As chief superintendent of Calgary's public schools, Buchanan oversaw the building of seventeen schools and auditoriums, costing $3.5 million.

== Politics ==
Buchanan stood for election as a Liberal member of parliament for Calgary West in the 1951 federal by-election prompted by the resignation of Arthur LeRoy Smith, hoping to become Alberta's only Liberal MP, under the slogan "he will devote all his time to serving you". In an editorial for the Regina-based The Leader Post, C. W. Mowers opined that "Dr. Buchanan is doubtless one of the most capable, forthright and genuinely progressive candidates ever to be presented to Alberta voters, but his age is somewhat against him". He lost to the Conservative Party candidate Carl O. Nickle.

== Voluntarism ==
Buchanan served on the University of Alberta's senate from 1942 to 1948, and also on the board of governors of Mount Royal University (of which his father had been a founder-member). According to The Calgary Herald, "on his retirement, Buchanan said in a speech that experience and 'real education' are more valuable to children than mastery of facts. Buchanan said the school system should prepare students for community life through group activities".

Other community activities included being president of the Calgary Kiwanis Club in 1944–45 and a member of the board of stewards of the Central United Church.

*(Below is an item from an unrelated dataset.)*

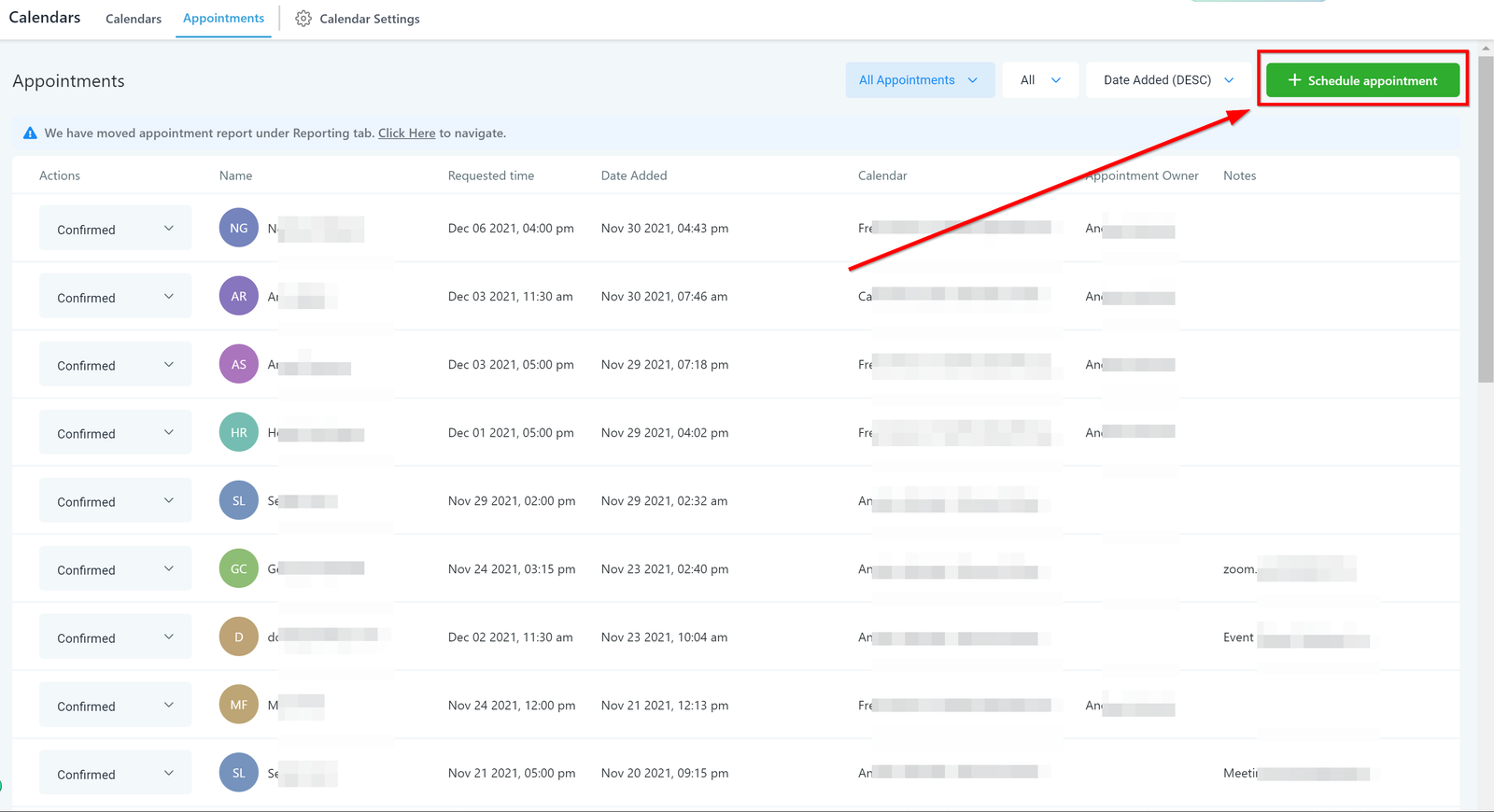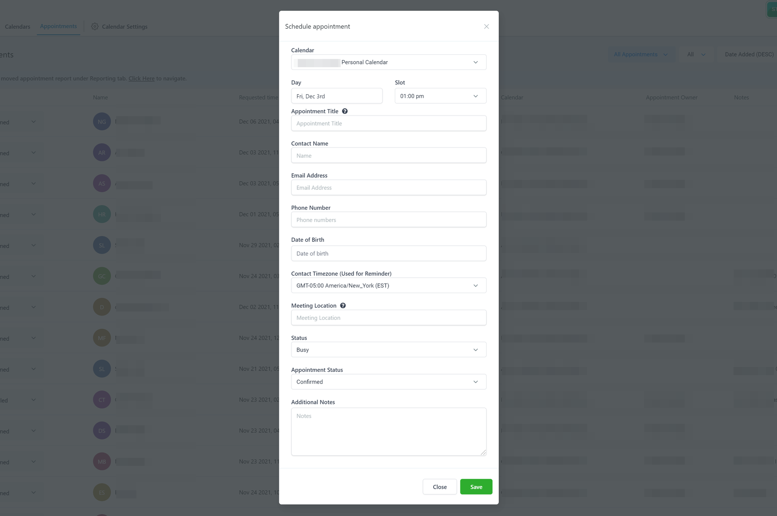 If you would like to schedule a new appointment manually, you can do so by clicking the “+ Schedule Appointment” button here. This is especially useful for phone sales or live chat sales.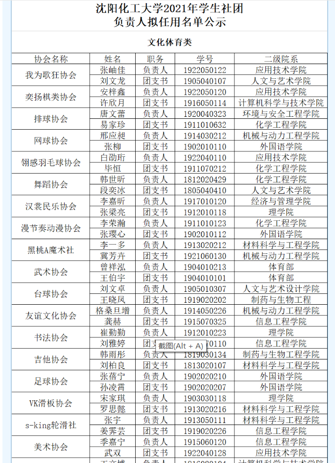 经自主申报、资格审查、组织考察等程序,现公布best365中国官方网站2021年学生社团负责人拟任用名单公示如下:

Buchanan retired to Vancouver in late March 1953.

== Personal life ==
Buchanan married Florence Marie and had four children: Gordon, Thomas Hugh, Douglas, and Muriel Armstrong.

== Awards and recognition ==
In the fall convocation of 1947, the University of Alberta awarded Buchanan an honorary Doctor of Laws degree "in recognition of his services to education".

=== Buchanan School ===
A Calgary elementary school, Buchanan School, was named after Frank Buchanan.